● **Problem requirements**
Locate the line that contains "彩虹伞,看似简单,却要求大人们配和默契。孩子们也在伞下玩的不亦乐乎" in the data that follows. Copy it and every subsequent line to the end, exactly, excluding pictures.

● **Supplied information**
# # #

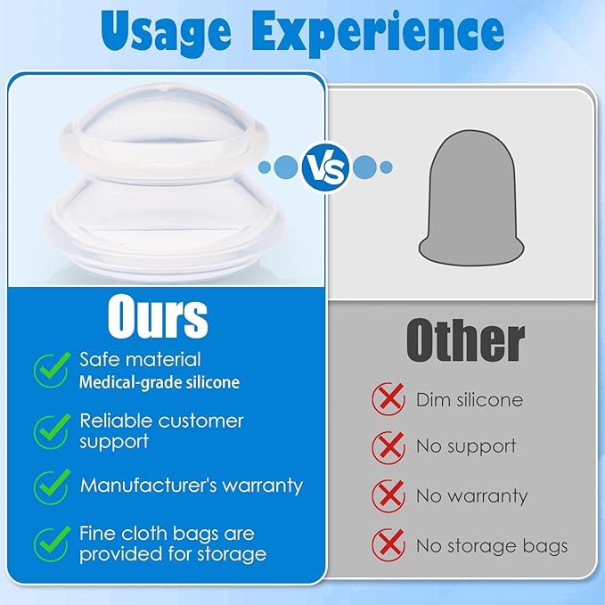 - Include:4 Massage Silicone Cups: Extra Large Cups (3.9”x 3”), Large Cups (3”x2.2”), Medium Cups (2.4”x1.8”), Small Cups (1.8”x1.4”), A delicate flannel bag, Easy to store those cups.
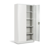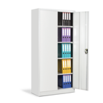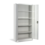 Метален шкаф Carmen CR-1235 E J 90 е идеалното решение за организиране на документи и вещи. Изработен от праховобоядисан метал с гладко покритие, той предлага четири рафта с товароносимост до 40 кг всеки. Плътните врати със заключване осигуряват сигурност, а светлосивият цвят се вписва безупречно в различни работни или домашни интериори. Перфектен избор за ефективно и безопасно съхранение! Пълна информация за размерите и характеристиките на модела ще намерите в таблицата в таб/поле "Техническа информация".
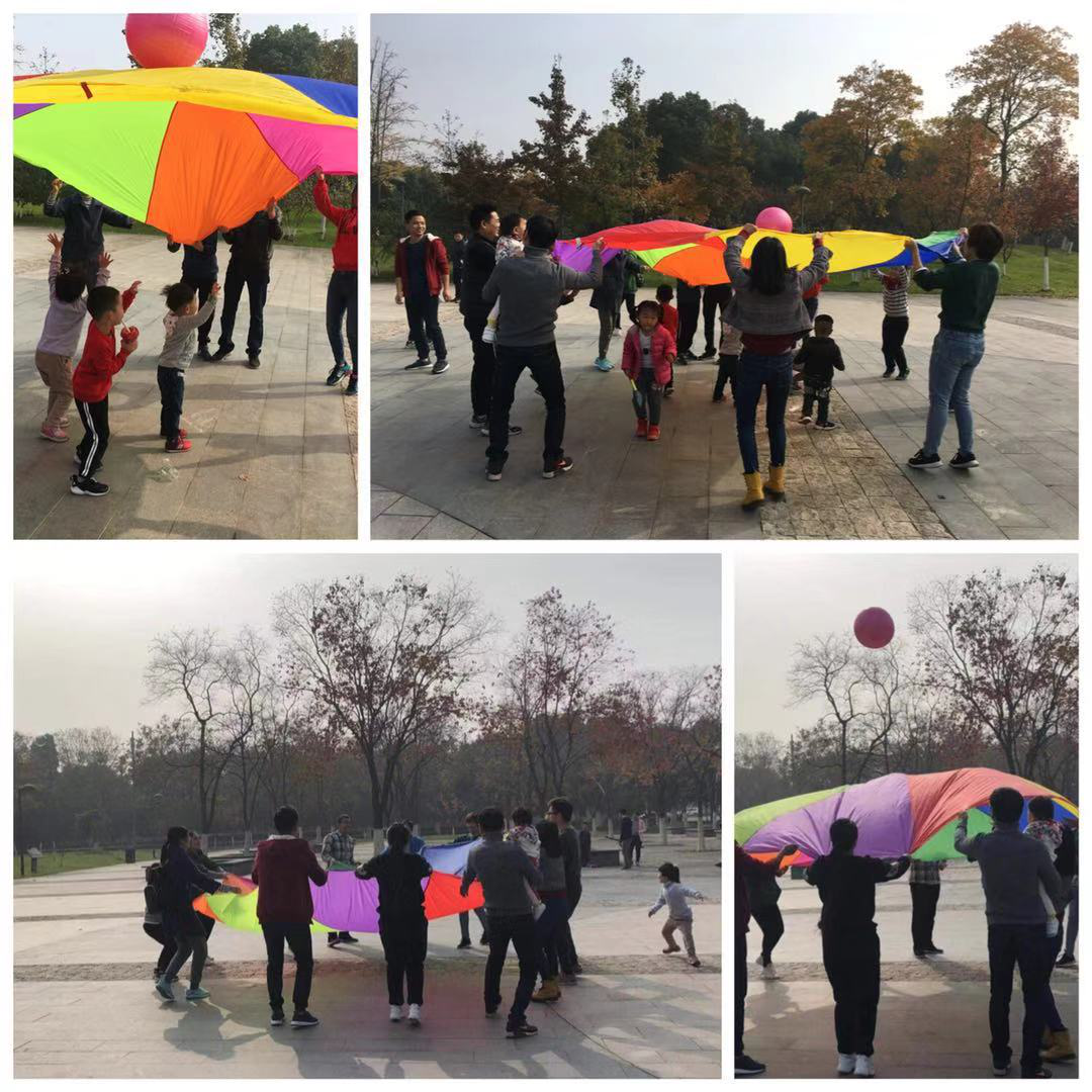 彩虹伞,看似简单,却要求大人们配和默契。孩子们也在伞下玩的不亦乐乎
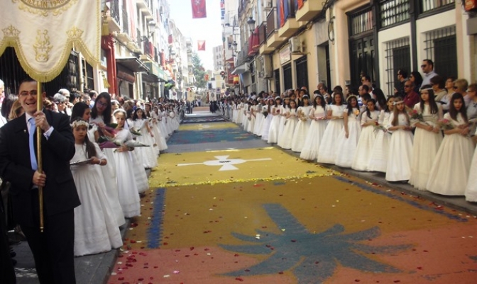 La procesión, con la Custodia, que parte a las 11 de la mañana de la Parroquia de Nuestra Señora de la Asunción inicia el recorrido por esas calles adornadas y coloreadas. Este año el fuerte viento a primeras horas del domingo, han deslucido el trabajo ya hecho, desdibujando la labor de estos colectivos. A pesar de ello el discurrir de la Custodia, en una mañana soleada, le ha dado belleza y vistosidad a las calles por las que trascurre el cortejo procesional con los niños y niñas vestidas de primera comunión.

# # #

● **Completed task**
 彩虹伞,看似简单,却要求大人们配和默契。孩子们也在伞下玩的不亦乐乎
 La procesión, con la Custodia, que parte a las 11 de la mañana de la Parroquia de Nuestra Señora de la Asunción inicia el recorrido por esas calles adornadas y coloreadas. Este año el fuerte viento a primeras horas del domingo, han deslucido el trabajo ya hecho, desdibujando la labor de estos colectivos. A pesar de ello el discurrir de la Custodia, en una mañana soleada, le ha dado belleza y vistosidad a las calles por las que trascurre el cortejo procesional con los niños y niñas vestidas de primera comunión.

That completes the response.